ENTRIES PROVIDED Start Marker
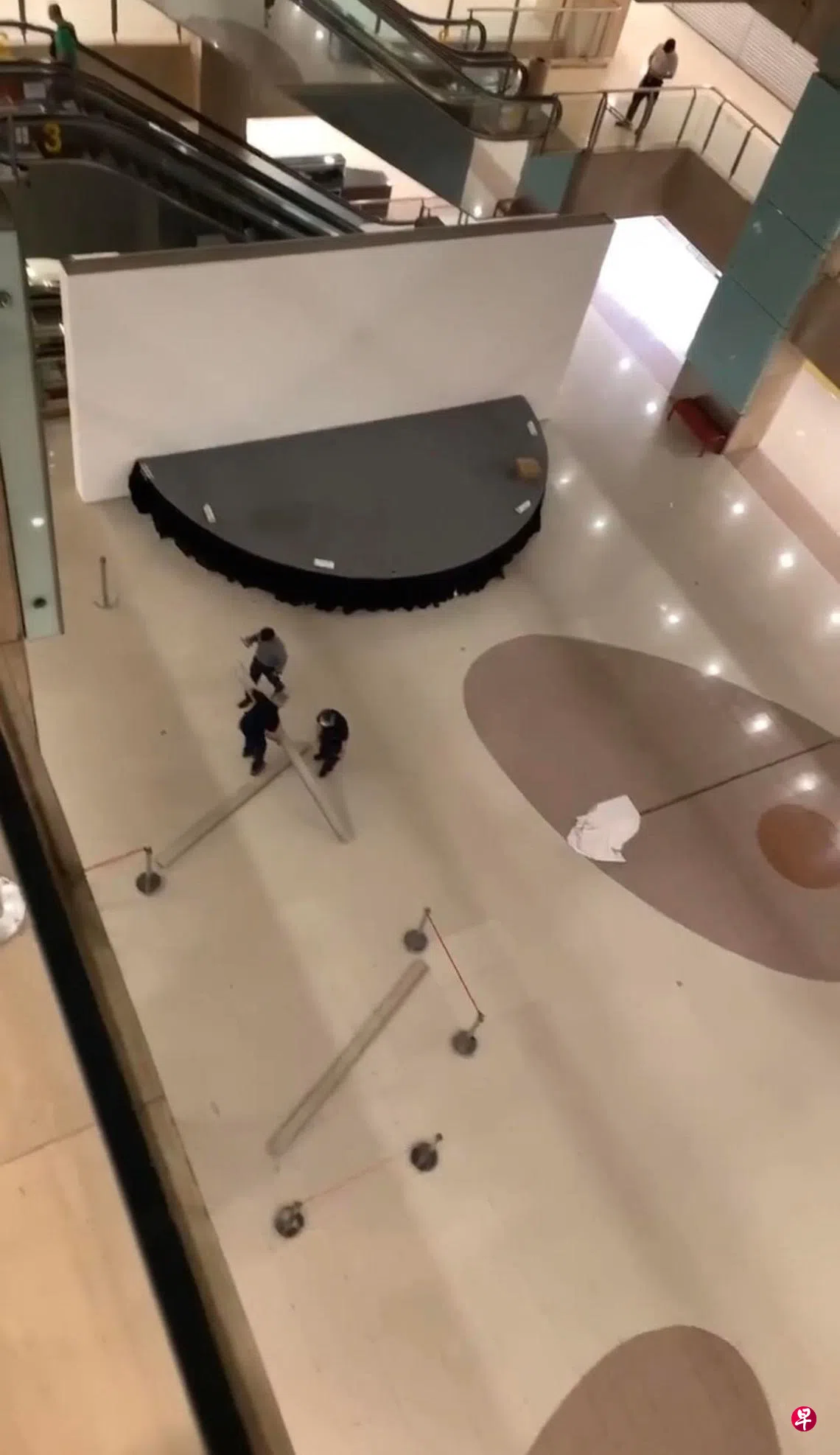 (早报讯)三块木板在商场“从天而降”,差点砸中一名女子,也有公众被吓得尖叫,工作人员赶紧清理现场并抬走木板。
ENTRIES PROVIDED End Marker
ENTRIES PROVIDED Start Marker
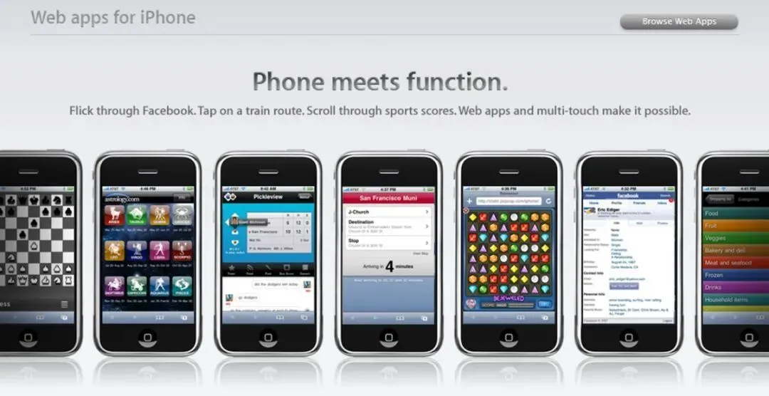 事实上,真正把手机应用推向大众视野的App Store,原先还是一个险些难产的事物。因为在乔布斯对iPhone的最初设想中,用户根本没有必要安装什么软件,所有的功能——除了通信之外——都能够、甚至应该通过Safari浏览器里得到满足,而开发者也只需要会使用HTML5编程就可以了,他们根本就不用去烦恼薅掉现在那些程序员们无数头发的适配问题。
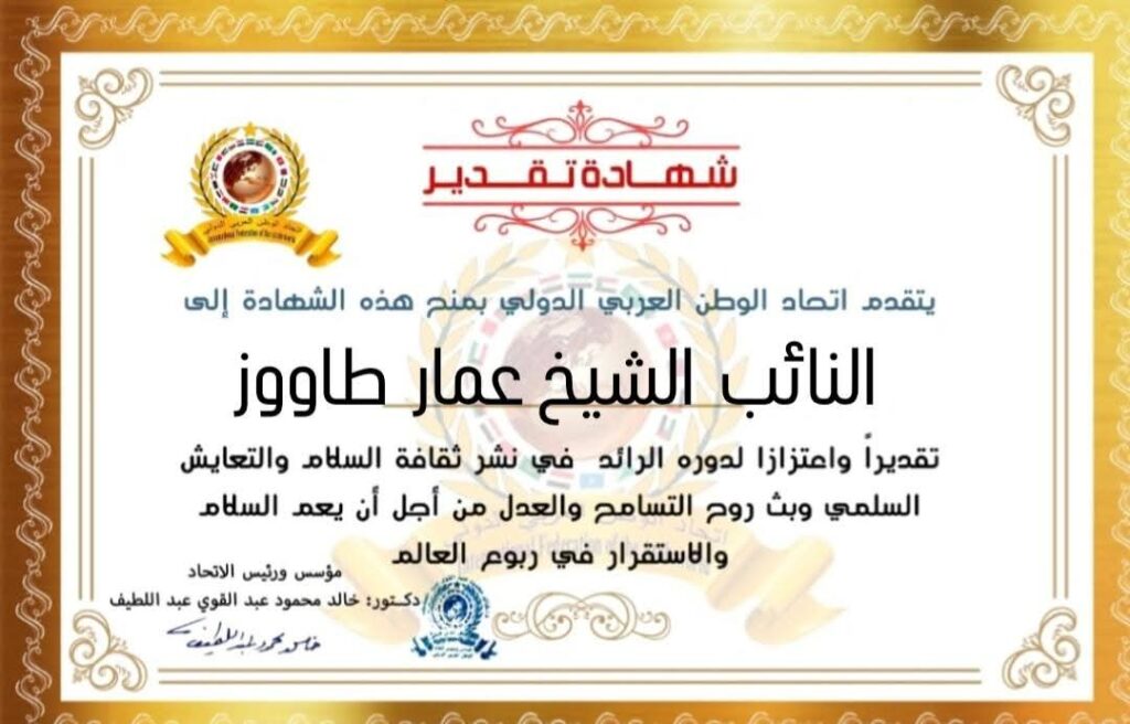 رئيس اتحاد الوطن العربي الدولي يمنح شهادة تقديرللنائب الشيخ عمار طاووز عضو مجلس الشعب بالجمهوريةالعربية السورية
ENTRIES PROVIDED End Marker
▶ [TASK DETAILS]:
Above are some records; extract exactly the lines from the one containing "事实上,真正把手机应用推向大" through the one containing "رئيس اتحاد الوطن" and drop the pictures.

▶ [SOLUTION BELOW]:
 事实上,真正把手机应用推向大众视野的App Store,原先还是一个险些难产的事物。因为在乔布斯对iPhone的最初设想中,用户根本没有必要安装什么软件,所有的功能——除了通信之外——都能够、甚至应该通过Safari浏览器里得到满足,而开发者也只需要会使用HTML5编程就可以了,他们根本就不用去烦恼薅掉现在那些程序员们无数头发的适配问题。
 رئيس اتحاد الوطن العربي الدولي يمنح شهادة تقديرللنائب الشيخ عمار طاووز عضو مجلس الشعب بالجمهوريةالعربية السورية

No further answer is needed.